● About this exercise
Pictures aside, reproduce exactly and only the lines from the one containing "Related Tags: cars" through the end of the records.

● Data

*-*-*

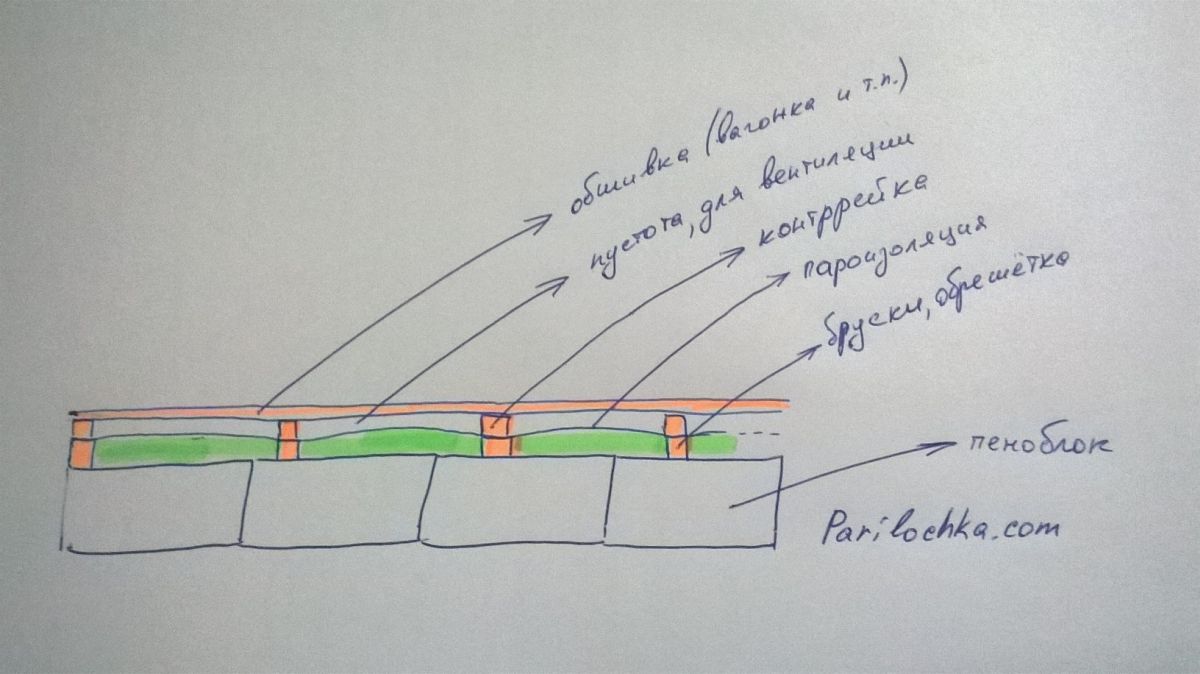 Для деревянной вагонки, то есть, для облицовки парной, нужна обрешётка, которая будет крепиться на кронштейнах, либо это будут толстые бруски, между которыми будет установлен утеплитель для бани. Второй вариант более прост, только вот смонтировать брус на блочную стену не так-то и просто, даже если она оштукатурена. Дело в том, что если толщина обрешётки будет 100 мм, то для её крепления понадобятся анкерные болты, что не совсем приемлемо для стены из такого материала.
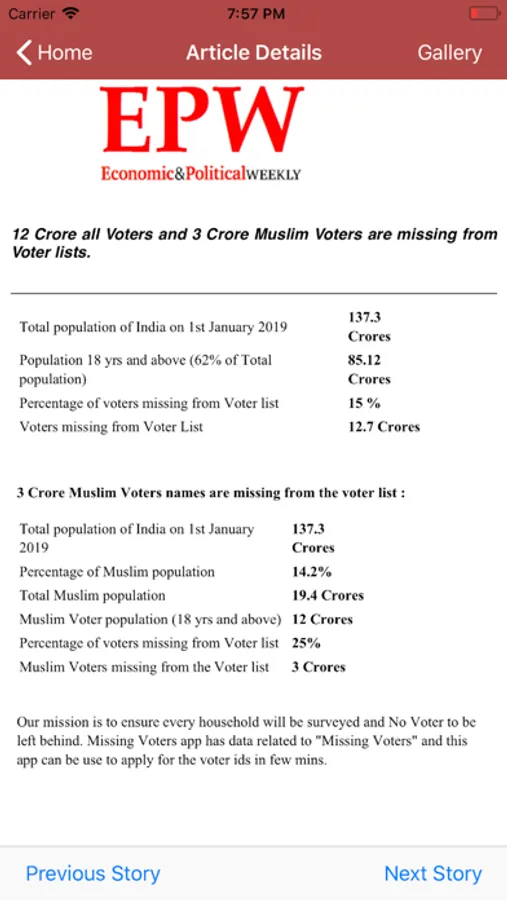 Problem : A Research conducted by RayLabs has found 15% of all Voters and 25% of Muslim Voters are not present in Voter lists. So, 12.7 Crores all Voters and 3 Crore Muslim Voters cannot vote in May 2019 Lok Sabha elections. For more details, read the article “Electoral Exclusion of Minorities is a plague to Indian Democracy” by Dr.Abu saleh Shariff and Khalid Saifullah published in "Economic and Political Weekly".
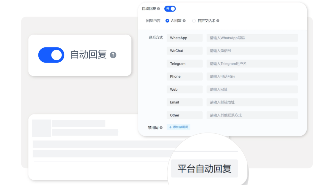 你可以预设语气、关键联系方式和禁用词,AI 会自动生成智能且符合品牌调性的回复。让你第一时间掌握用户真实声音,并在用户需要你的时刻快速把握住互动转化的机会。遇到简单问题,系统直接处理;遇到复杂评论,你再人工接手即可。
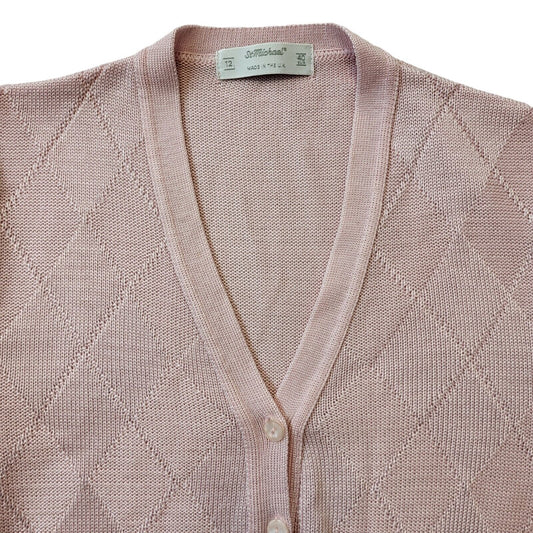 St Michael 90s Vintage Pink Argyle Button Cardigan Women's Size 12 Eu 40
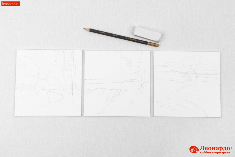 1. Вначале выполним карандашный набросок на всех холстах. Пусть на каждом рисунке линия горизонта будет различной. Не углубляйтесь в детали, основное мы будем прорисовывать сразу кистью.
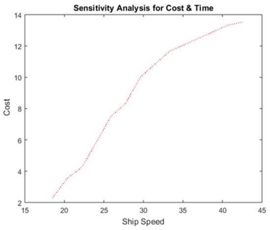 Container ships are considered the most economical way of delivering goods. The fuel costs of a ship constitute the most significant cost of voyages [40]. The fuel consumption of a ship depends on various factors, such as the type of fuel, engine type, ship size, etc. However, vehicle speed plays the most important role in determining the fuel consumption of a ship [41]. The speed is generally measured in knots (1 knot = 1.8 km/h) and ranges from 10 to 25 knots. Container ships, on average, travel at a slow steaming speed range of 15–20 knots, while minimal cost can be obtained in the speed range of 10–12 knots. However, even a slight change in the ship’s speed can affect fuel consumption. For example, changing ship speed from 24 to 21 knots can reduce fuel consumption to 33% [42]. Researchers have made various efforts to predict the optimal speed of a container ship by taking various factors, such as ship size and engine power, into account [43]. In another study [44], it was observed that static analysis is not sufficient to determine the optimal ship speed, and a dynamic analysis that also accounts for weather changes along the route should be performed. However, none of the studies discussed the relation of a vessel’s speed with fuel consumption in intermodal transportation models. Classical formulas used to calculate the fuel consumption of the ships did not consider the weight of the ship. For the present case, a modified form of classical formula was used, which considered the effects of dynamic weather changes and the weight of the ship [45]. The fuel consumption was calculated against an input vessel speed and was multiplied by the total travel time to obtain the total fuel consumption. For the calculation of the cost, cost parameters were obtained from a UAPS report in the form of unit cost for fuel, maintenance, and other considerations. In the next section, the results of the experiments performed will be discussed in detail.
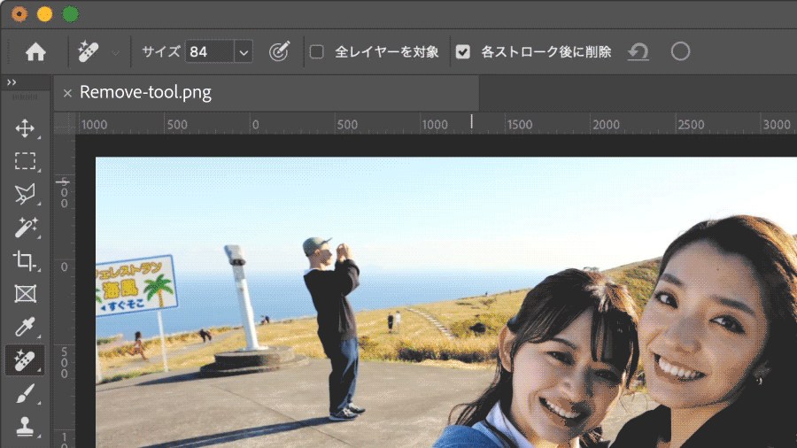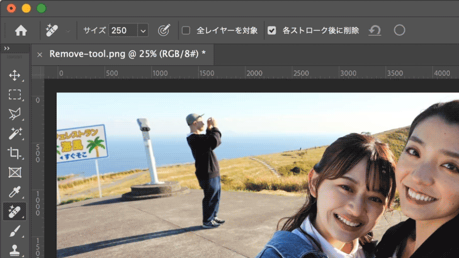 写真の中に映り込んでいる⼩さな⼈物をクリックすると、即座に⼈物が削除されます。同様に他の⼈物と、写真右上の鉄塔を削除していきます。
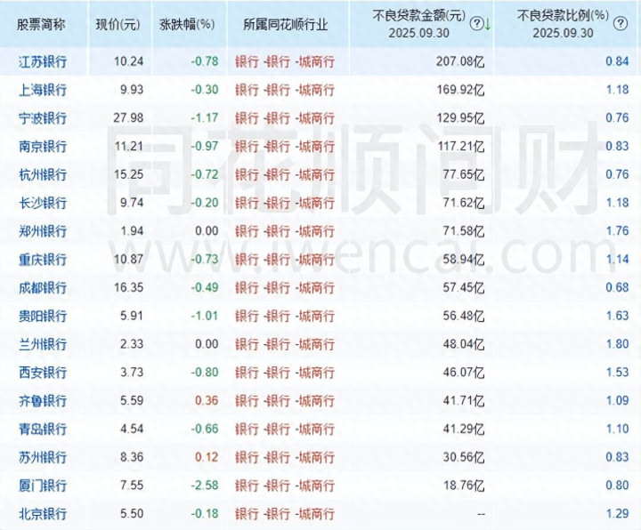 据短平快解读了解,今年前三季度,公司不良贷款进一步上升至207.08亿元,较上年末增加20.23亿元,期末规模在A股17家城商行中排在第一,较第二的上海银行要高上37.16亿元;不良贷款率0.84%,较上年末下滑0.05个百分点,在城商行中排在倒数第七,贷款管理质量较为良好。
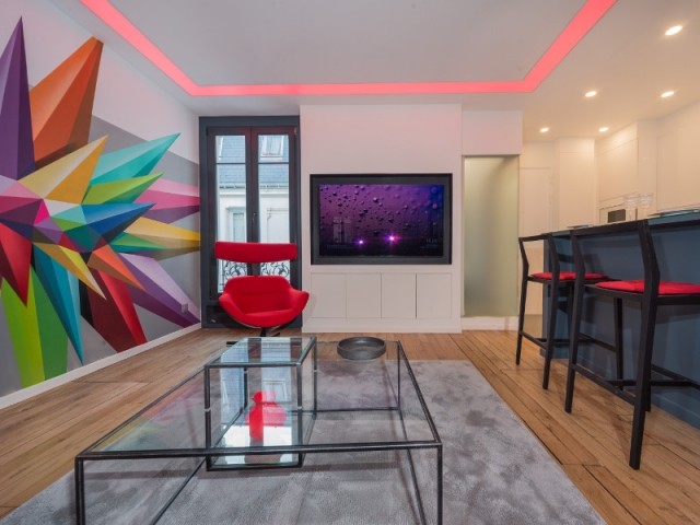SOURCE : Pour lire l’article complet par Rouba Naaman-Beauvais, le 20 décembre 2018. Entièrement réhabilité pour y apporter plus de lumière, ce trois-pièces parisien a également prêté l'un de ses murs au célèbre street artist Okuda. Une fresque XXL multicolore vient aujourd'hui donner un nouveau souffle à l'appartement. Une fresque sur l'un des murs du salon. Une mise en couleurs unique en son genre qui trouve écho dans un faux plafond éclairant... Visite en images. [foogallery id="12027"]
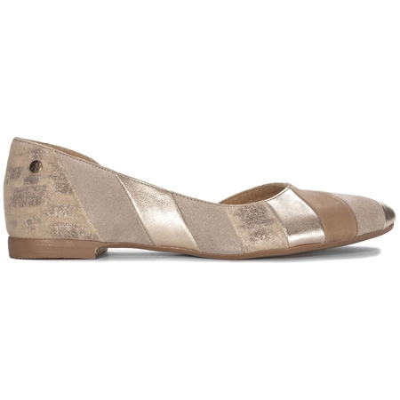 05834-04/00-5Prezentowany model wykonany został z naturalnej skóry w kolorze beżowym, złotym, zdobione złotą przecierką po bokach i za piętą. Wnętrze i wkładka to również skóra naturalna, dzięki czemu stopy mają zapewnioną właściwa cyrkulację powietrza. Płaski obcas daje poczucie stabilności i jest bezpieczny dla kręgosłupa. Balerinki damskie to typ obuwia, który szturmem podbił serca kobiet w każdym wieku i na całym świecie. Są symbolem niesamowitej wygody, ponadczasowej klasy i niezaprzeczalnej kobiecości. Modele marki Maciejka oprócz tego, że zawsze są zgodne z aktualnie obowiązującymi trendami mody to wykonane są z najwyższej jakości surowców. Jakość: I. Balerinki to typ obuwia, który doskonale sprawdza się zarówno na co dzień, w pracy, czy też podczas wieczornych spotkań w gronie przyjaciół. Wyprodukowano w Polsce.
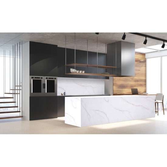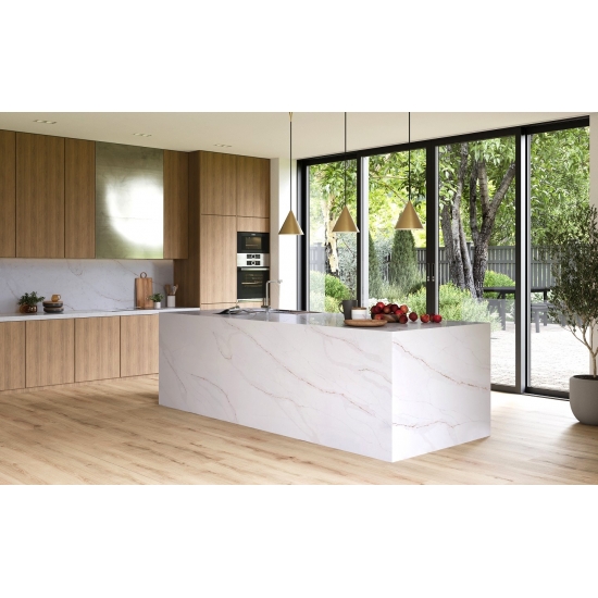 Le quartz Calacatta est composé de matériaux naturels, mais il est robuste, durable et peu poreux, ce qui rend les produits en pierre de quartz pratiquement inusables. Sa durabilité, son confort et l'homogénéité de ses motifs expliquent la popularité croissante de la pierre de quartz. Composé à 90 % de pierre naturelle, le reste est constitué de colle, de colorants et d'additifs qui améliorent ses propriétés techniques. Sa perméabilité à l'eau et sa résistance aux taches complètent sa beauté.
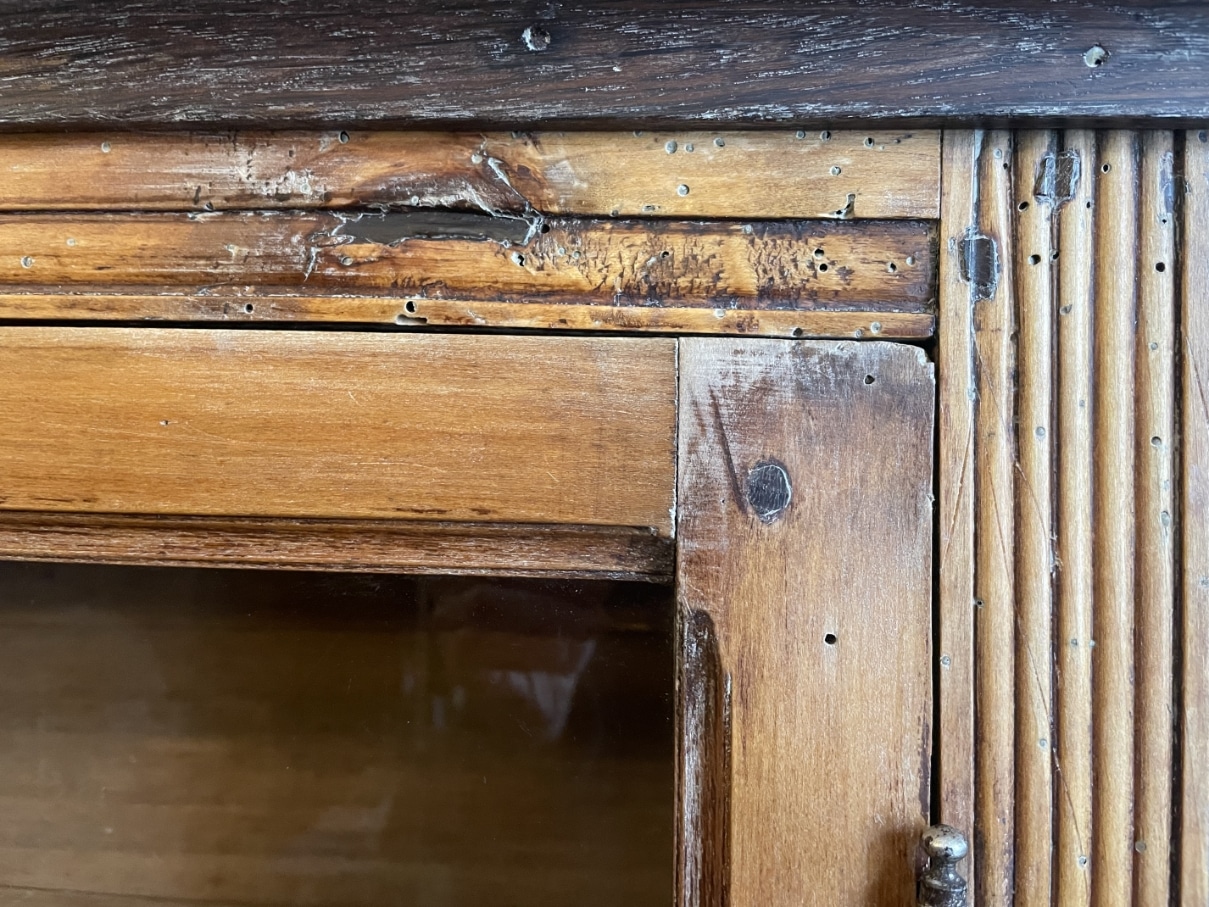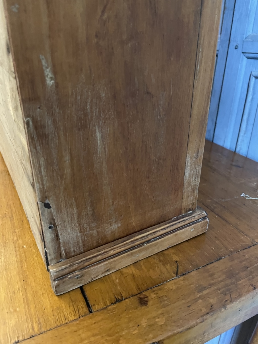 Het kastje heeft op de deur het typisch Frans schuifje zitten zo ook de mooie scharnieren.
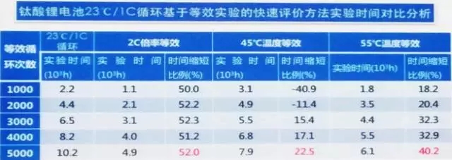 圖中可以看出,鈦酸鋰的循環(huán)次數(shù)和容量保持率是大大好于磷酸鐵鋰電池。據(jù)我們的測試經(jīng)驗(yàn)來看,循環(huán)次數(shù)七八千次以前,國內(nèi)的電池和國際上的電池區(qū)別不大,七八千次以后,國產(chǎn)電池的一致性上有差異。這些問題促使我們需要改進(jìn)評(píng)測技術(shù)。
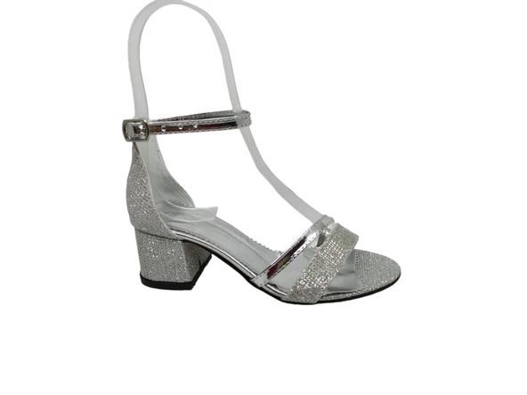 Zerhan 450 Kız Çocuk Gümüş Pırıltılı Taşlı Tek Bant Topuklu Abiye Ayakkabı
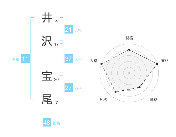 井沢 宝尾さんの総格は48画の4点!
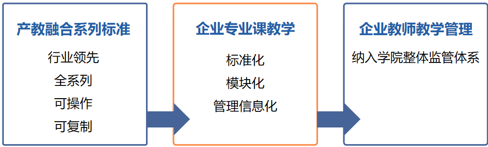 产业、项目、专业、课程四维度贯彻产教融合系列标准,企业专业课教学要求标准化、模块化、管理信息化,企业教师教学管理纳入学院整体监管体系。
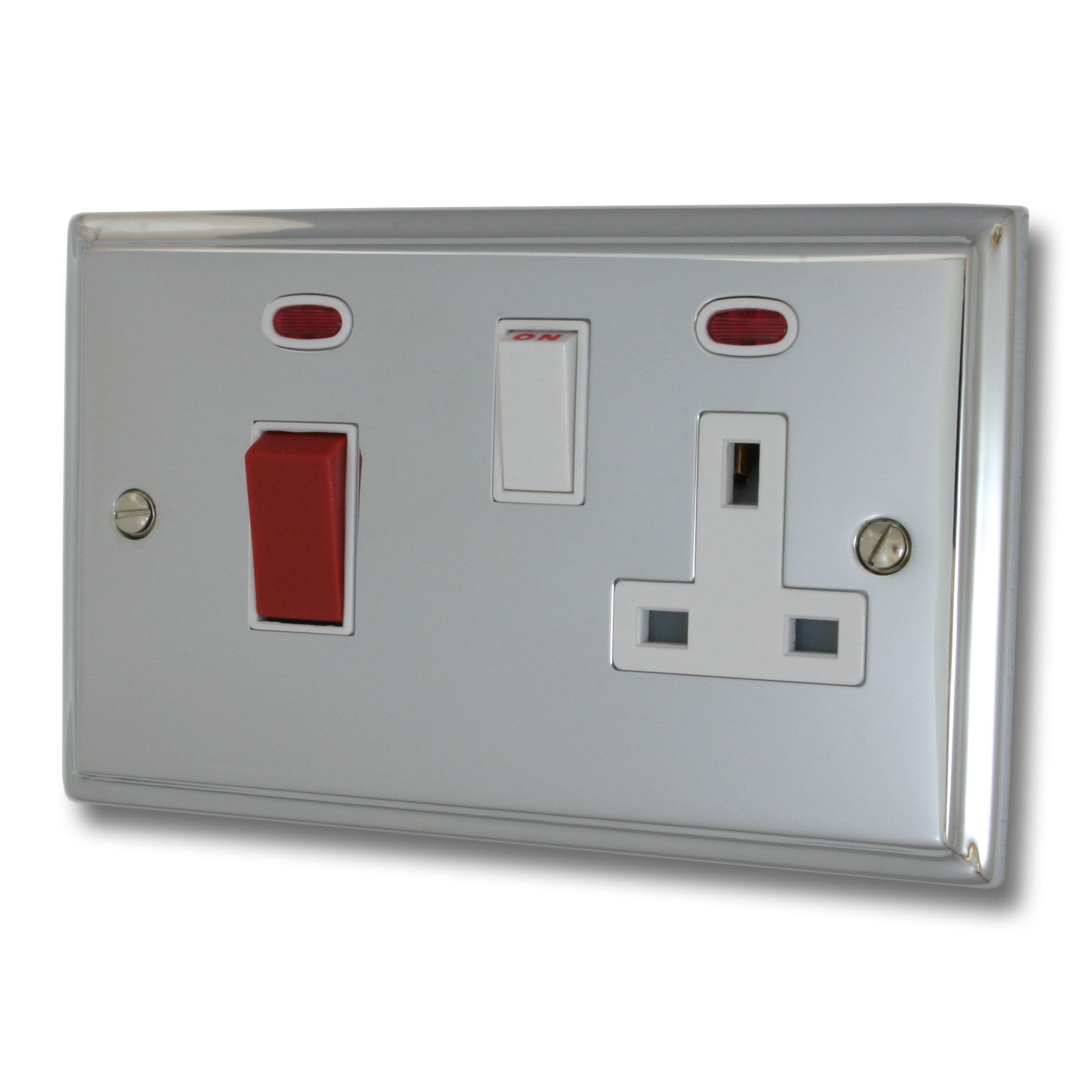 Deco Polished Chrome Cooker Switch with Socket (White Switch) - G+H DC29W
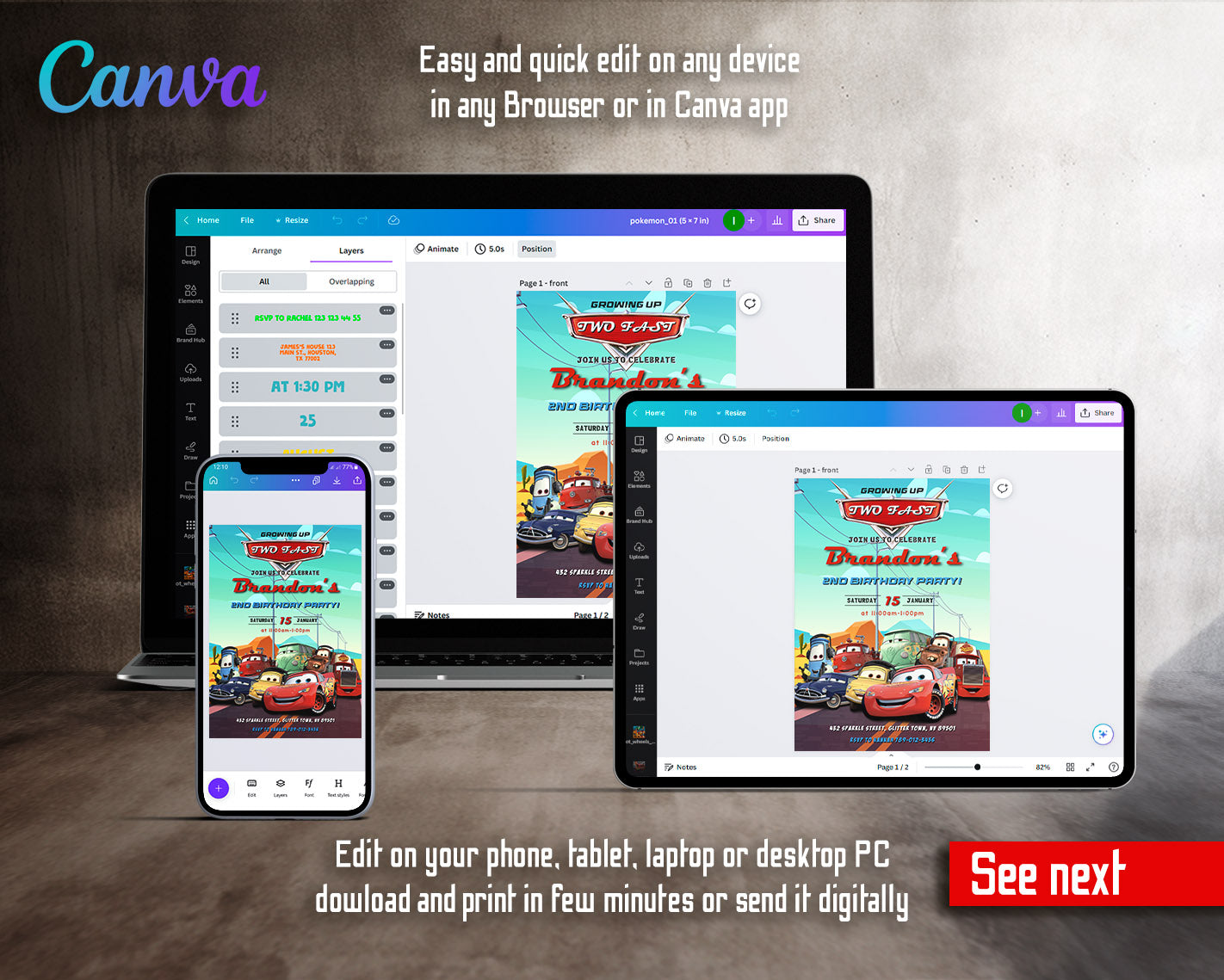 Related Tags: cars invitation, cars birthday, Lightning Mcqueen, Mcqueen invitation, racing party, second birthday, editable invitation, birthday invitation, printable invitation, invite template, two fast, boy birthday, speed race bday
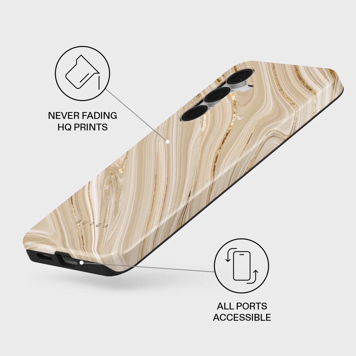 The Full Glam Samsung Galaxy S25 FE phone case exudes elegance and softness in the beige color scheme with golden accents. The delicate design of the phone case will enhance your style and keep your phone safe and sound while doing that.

*-*-*

● Reply to the exercise
 Related Tags: cars invitation, cars birthday, Lightning Mcqueen, Mcqueen invitation, racing party, second birthday, editable invitation, birthday invitation, printable invitation, invite template, two fast, boy birthday, speed race bday
 The Full Glam Samsung Galaxy S25 FE phone case exudes elegance and softness in the beige color scheme with golden accents. The delicate design of the phone case will enhance your style and keep your phone safe and sound while doing that.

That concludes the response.